# Work instruction
When the line with "Circle Park playground 2020" appears below, start repeating lines exactly, and keep going through the line with "I can visit the lonely"; add nothing outside that span.

# Records from a dataset
* * * * *
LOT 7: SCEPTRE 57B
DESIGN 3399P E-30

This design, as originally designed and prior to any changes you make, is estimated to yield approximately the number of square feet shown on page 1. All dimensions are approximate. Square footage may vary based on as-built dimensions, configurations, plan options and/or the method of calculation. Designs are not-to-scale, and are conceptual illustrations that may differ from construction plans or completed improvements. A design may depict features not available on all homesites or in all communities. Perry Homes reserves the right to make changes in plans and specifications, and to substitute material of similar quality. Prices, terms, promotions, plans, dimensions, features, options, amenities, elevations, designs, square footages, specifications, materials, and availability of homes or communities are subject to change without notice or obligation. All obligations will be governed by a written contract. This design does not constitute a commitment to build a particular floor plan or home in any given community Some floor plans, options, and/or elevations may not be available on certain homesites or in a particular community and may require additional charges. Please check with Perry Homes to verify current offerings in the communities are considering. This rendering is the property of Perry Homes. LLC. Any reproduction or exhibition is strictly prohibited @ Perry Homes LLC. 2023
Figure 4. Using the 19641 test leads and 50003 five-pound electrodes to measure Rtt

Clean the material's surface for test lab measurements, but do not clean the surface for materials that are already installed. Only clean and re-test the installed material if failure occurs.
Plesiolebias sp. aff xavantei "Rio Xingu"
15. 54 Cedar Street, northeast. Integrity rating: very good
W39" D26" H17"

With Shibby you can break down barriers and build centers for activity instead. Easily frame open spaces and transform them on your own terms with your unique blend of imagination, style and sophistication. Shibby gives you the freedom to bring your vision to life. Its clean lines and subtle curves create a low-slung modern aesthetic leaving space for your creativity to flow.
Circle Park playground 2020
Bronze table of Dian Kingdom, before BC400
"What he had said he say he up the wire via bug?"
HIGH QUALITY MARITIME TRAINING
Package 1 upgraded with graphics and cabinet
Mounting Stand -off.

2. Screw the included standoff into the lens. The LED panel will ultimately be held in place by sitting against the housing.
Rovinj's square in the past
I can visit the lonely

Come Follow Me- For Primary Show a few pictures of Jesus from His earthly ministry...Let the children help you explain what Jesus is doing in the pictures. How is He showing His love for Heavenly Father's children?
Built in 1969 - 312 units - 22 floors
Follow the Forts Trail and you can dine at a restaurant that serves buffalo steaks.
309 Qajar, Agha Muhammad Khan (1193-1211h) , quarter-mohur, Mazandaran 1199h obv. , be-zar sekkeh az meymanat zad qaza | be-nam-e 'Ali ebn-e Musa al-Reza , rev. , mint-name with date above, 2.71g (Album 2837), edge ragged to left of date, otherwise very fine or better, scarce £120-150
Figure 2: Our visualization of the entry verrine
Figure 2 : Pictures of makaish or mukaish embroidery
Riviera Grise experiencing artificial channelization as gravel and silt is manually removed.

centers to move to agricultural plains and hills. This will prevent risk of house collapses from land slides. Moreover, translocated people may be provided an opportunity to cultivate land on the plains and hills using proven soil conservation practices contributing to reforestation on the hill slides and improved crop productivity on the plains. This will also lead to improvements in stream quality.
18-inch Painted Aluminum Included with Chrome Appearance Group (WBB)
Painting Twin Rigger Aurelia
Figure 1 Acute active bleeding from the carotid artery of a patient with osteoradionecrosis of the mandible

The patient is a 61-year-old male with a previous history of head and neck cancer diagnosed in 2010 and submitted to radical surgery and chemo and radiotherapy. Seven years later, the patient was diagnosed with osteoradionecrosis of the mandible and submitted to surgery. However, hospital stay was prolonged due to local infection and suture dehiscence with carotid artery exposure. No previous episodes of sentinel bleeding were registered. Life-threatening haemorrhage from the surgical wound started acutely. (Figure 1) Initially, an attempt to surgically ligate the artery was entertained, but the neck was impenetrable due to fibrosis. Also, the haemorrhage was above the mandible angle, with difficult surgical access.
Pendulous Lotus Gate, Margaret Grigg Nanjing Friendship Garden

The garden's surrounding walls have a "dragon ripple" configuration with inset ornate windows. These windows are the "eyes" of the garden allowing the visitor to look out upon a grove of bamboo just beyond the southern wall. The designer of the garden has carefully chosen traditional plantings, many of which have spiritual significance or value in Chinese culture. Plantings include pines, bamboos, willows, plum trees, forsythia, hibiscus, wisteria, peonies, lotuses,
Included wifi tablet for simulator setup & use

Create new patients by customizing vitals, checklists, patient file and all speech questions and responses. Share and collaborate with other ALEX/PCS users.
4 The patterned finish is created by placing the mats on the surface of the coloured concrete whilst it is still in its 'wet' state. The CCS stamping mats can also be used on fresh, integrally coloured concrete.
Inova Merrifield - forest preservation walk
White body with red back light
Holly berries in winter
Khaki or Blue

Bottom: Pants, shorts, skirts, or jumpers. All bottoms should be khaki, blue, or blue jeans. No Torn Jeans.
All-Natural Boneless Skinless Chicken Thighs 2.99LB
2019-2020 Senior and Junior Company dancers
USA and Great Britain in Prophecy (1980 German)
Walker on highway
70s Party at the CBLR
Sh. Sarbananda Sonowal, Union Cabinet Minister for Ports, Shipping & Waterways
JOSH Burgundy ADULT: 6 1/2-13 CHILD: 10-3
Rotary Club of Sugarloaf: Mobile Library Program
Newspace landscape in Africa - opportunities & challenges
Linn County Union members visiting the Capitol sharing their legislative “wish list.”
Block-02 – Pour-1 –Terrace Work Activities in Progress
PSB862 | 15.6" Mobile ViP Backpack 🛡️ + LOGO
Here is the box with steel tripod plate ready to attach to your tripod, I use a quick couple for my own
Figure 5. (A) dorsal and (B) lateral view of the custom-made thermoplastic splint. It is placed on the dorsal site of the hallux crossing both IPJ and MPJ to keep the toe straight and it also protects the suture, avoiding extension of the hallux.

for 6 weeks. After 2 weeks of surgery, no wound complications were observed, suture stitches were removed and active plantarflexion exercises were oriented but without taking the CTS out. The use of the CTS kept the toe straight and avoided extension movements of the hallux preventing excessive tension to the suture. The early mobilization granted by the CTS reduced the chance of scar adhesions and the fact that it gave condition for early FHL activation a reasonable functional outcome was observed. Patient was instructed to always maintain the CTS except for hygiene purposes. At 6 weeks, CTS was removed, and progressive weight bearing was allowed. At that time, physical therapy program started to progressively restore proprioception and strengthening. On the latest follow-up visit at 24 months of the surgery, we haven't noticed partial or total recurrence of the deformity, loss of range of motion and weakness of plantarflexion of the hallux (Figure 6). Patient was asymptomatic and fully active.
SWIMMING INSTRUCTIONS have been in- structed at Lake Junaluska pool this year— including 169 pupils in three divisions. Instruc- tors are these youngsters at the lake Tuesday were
* * * * *
# Output below
Circle Park playground 2020
Bronze table of Dian Kingdom, before BC400
"What he had said he say he up the wire via bug?"
HIGH QUALITY MARITIME TRAINING
Package 1 upgraded with graphics and cabinet
Mounting Stand -off.

2. Screw the included standoff into the lens. The LED panel will ultimately be held in place by sitting against the housing.
Rovinj's square in the past
I can visit the lonely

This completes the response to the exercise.